### Task description
Retype only the lines below from the one with "豚角煮、カボチャの味噌汁、麦ご飯、牛乳" to the one with "为了保证机组在不同负荷下经济", inclusive, skipping every image.

### Source material
[Start of Attachment]

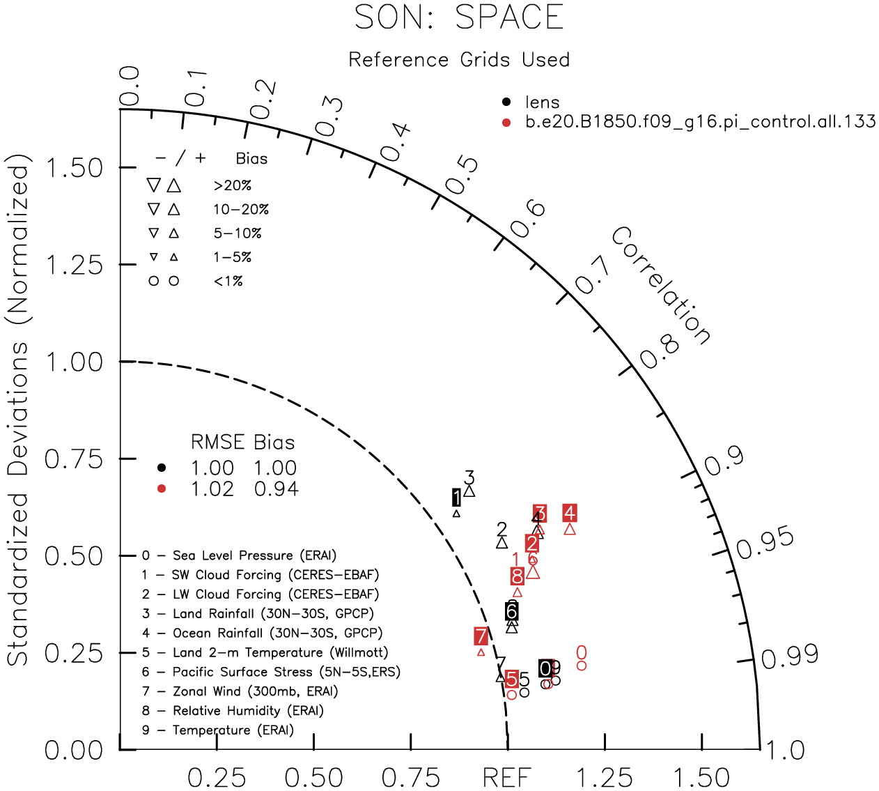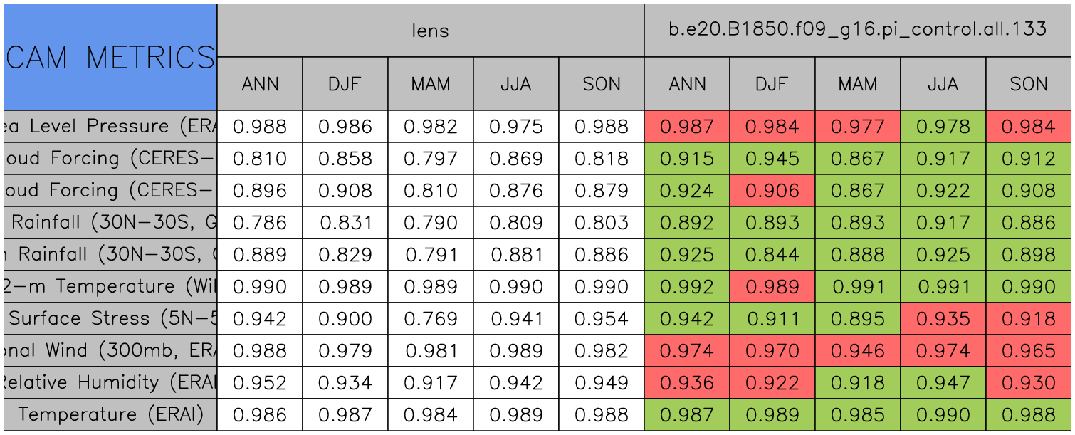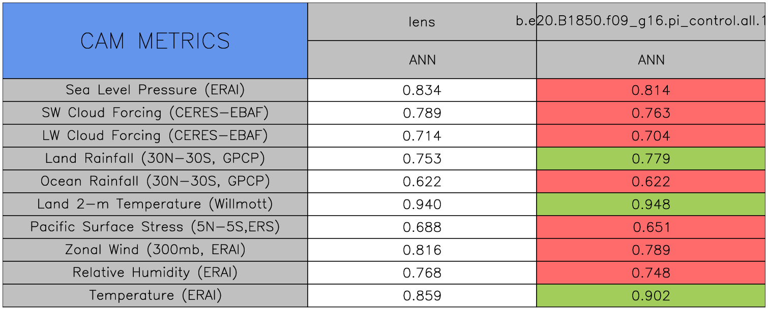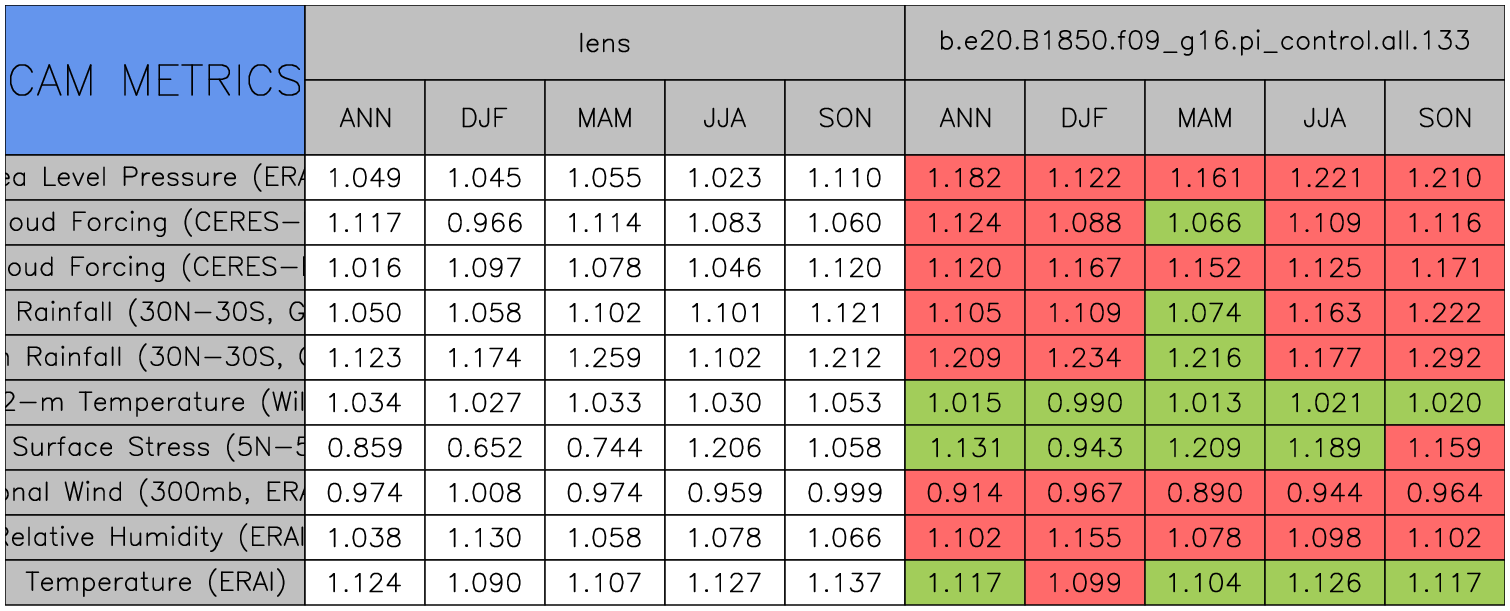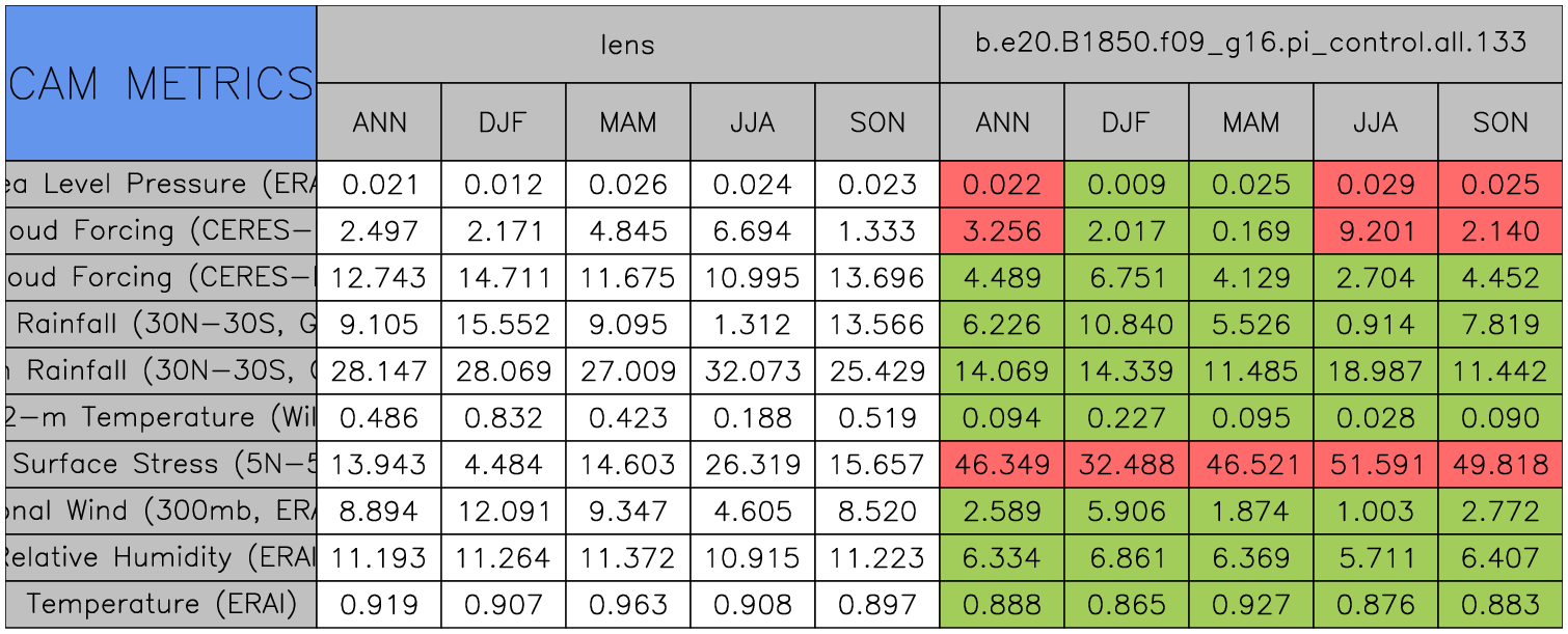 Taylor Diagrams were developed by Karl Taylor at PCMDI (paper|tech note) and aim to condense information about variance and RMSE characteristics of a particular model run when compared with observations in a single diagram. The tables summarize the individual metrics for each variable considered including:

[End of Attachment]
[Start of Attachment]

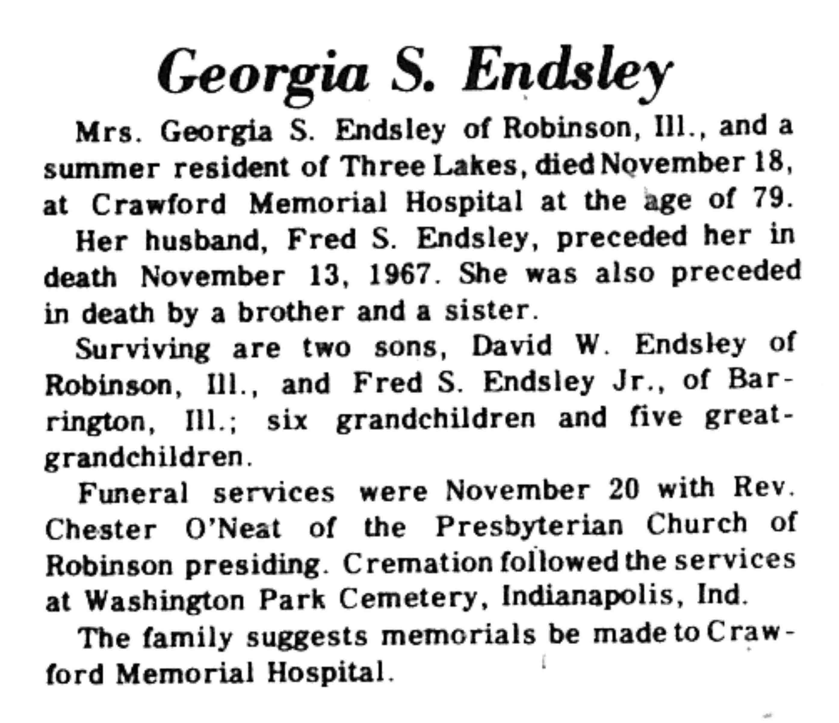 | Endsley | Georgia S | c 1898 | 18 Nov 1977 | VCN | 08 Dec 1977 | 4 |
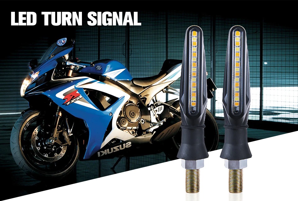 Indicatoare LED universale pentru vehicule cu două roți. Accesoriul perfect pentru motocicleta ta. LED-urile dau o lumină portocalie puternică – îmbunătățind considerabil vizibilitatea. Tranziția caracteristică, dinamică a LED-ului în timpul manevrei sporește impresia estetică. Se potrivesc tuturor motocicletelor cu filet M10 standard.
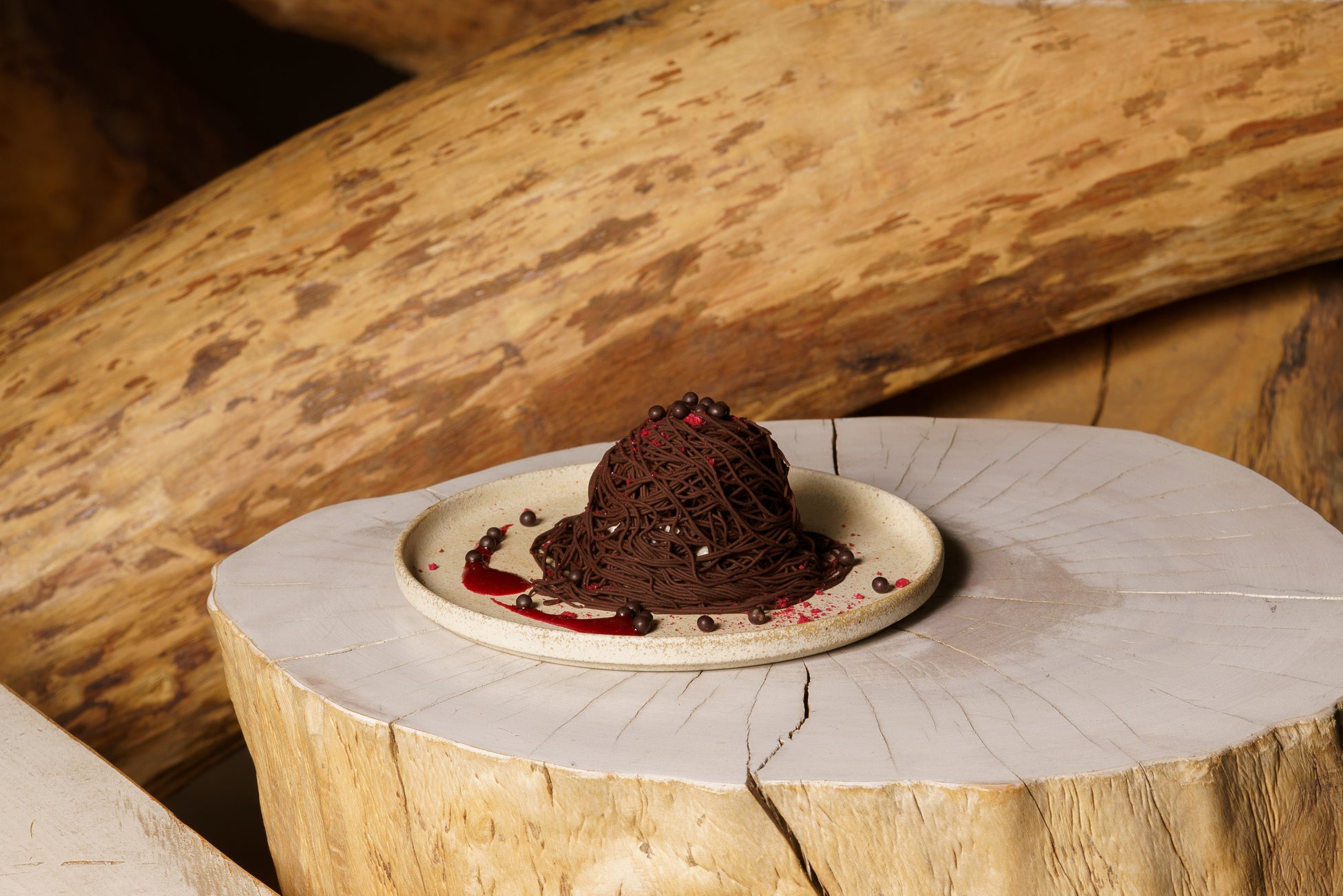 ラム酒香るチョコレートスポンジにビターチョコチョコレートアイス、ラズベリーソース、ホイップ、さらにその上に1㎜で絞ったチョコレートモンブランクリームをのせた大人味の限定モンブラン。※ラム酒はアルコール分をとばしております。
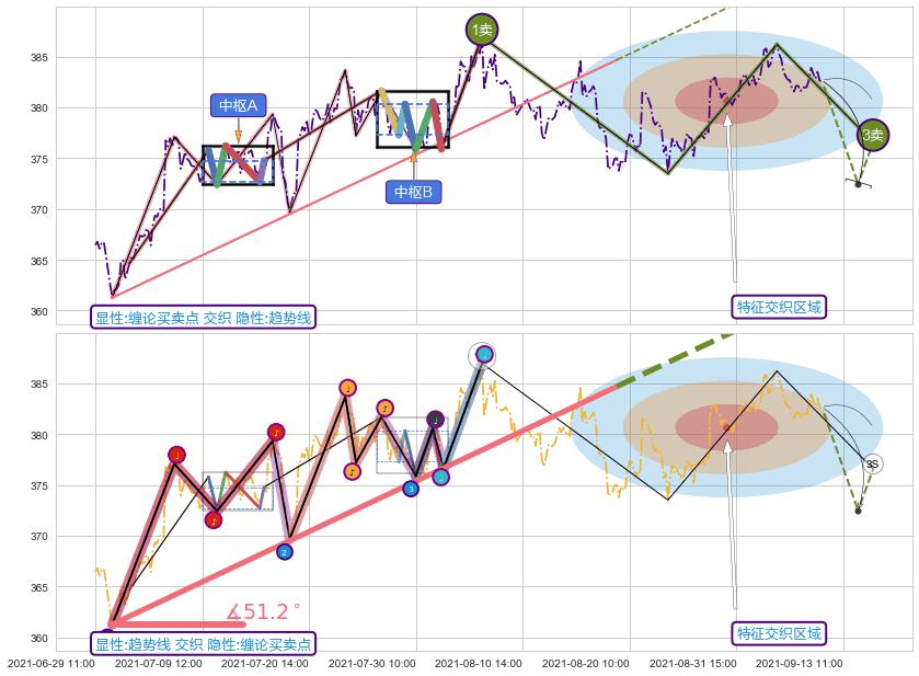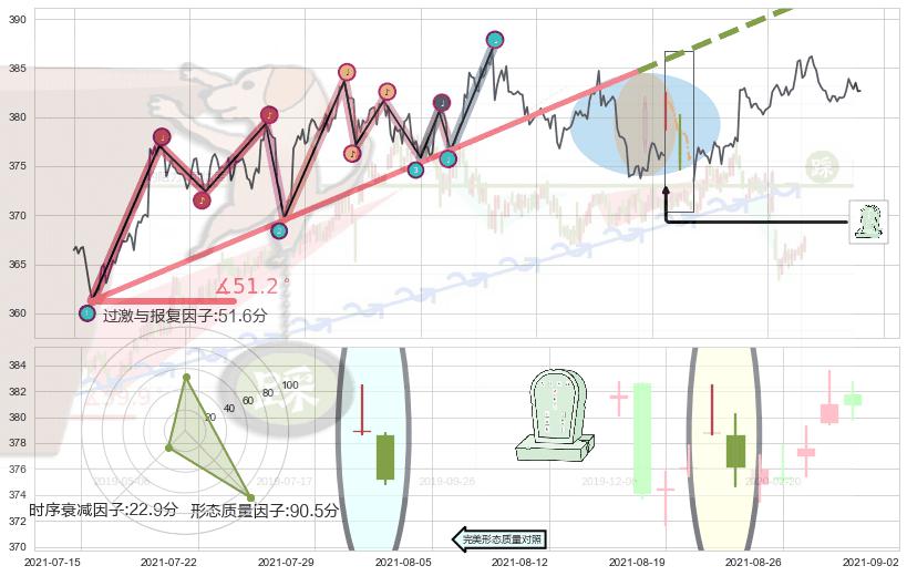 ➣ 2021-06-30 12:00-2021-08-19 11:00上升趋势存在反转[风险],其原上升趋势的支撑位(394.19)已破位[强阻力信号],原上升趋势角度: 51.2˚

[End of Attachment]
[Start of Attachment]

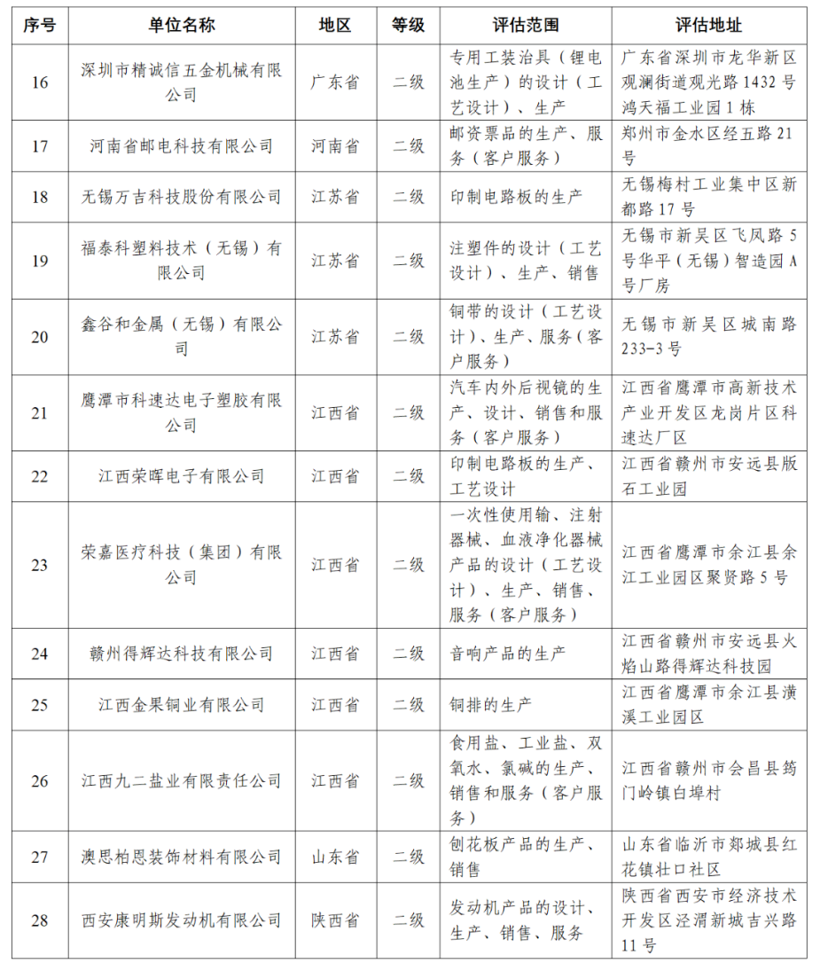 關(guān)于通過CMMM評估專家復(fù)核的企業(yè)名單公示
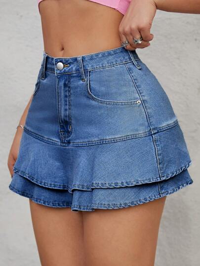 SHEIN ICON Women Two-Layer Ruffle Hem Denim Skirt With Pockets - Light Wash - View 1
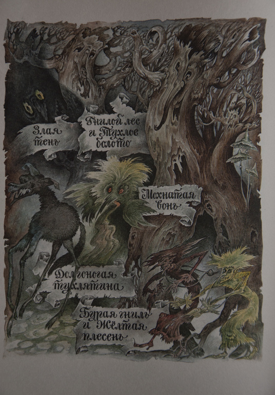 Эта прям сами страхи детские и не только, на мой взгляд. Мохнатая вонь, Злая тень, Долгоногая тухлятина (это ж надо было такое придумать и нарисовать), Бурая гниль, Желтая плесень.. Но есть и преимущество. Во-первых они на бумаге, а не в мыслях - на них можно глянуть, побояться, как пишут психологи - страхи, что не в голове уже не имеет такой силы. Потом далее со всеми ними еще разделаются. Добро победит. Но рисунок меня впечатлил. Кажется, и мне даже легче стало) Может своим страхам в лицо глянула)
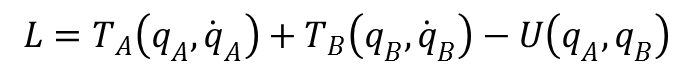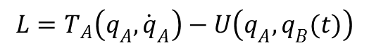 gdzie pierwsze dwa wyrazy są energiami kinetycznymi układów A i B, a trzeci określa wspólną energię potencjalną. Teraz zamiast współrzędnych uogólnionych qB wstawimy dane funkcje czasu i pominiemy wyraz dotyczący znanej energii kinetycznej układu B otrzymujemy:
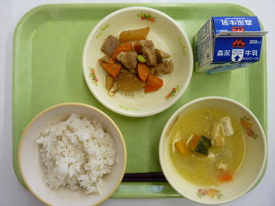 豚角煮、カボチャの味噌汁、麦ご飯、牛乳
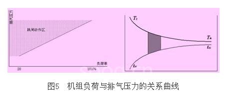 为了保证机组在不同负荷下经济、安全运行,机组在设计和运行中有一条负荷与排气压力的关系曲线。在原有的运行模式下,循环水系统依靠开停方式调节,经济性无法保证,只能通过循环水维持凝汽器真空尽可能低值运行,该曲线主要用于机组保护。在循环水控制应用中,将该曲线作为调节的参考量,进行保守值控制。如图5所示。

[End of Attachment]

### Answer box
 豚角煮、カボチャの味噌汁、麦ご飯、牛乳
 为了保证机组在不同负荷下经济、安全运行,机组在设计和运行中有一条负荷与排气压力的关系曲线。在原有的运行模式下,循环水系统依靠开停方式调节,经济性无法保证,只能通过循环水维持凝汽器真空尽可能低值运行,该曲线主要用于机组保护。在循环水控制应用中,将该曲线作为调节的参考量,进行保守值控制。如图5所示。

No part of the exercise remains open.